When specifying a multiline command line as a parameter in a task definition file, you must NOT use quotes. For example:
cat my.tasks
-o my.out hostname; ls
If you submit a shell script containing multiple ssched commands, bjobs -l only shows the task summary for the currently running ssched instance. Enable task accounting and examine the accounting file to see information for tasks from all ssched instances in the shell script.

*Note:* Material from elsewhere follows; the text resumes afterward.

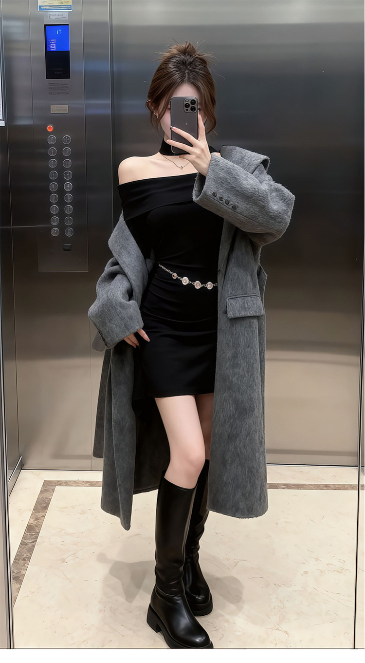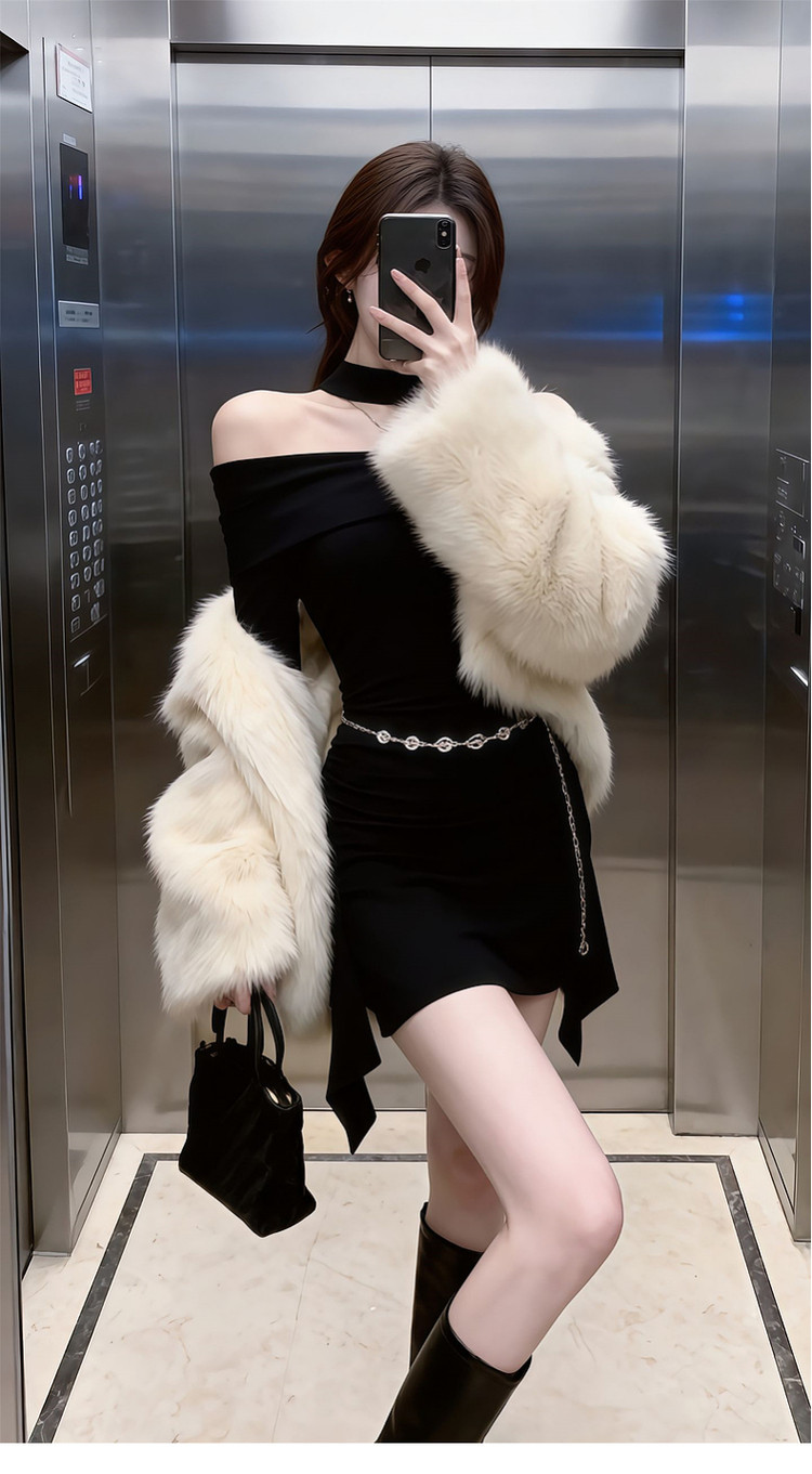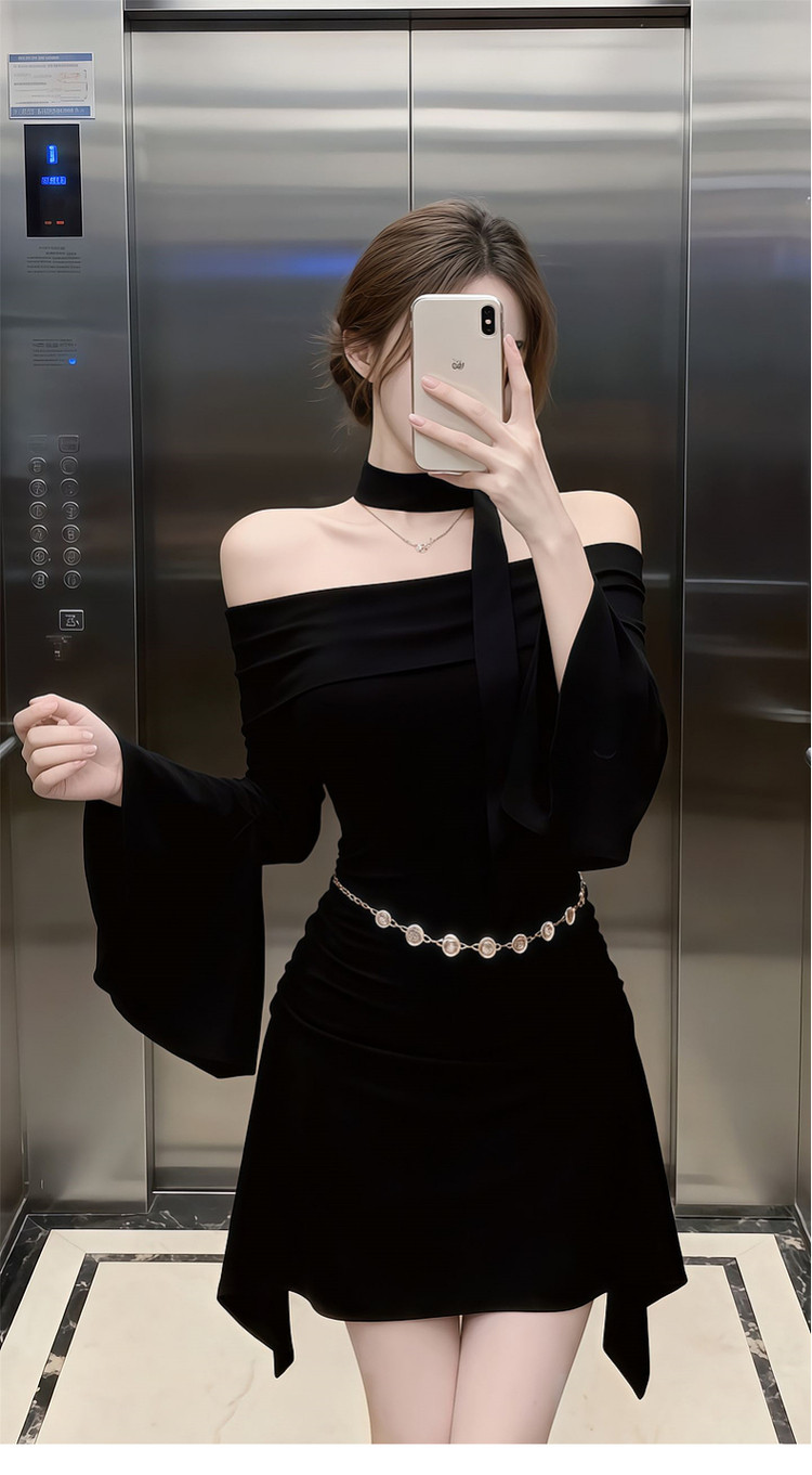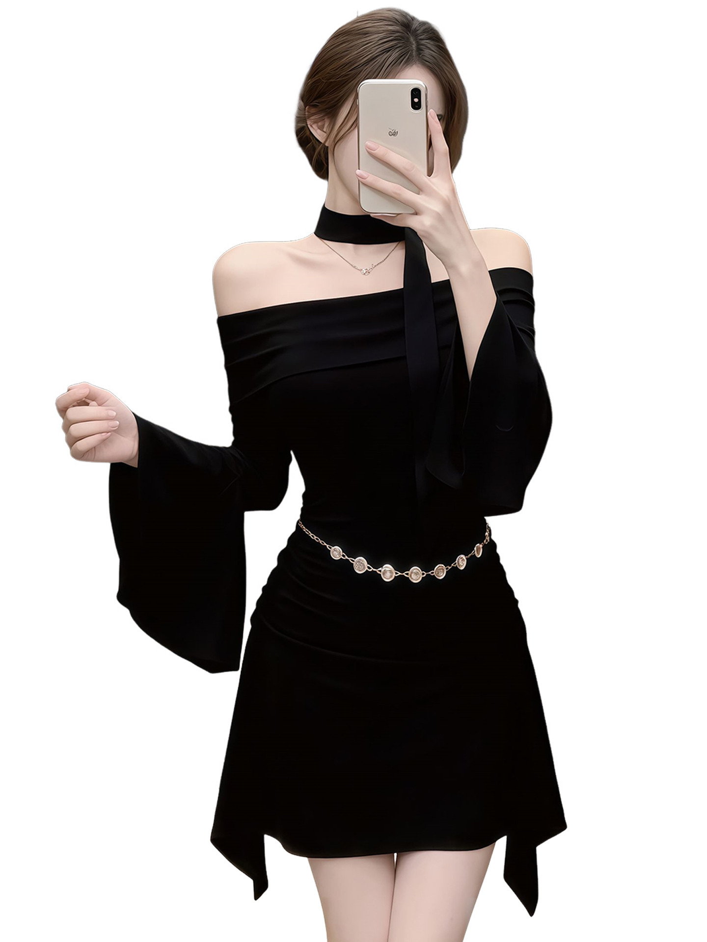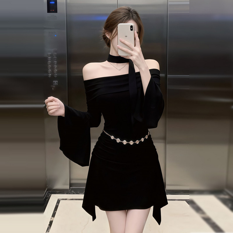 2025 new black high-end royal sister style one-shoulder dress women's autumn and winter waist slimming short skirt

Submitting a large number of tasks as part of one session may cause a slight delay between when the Session Scheduler starts and when tasks are dispatched to execution agents. The Session Scheduler must parse and submit each task before it begins dispatching any tasks. Parsing 50,000 tasks can take up to 2 minutes before dispatching starts.
After all tasks have completed, the Session Scheduler will take some time to terminate all execution agents and to clean up temporary files. A minimum of 20 seconds is normal, longer for larger allocations.
Session Scheduler handles the following signals: SIGINT, SIGTERM, SIGUSR1, SIGSTOP, SIGTSTP, and SIGCONT. All other signals cause ssched to exit immediately. No summary is output and task accounting information is not saved. The signals Session Scheduler handles will be expanded in future releases.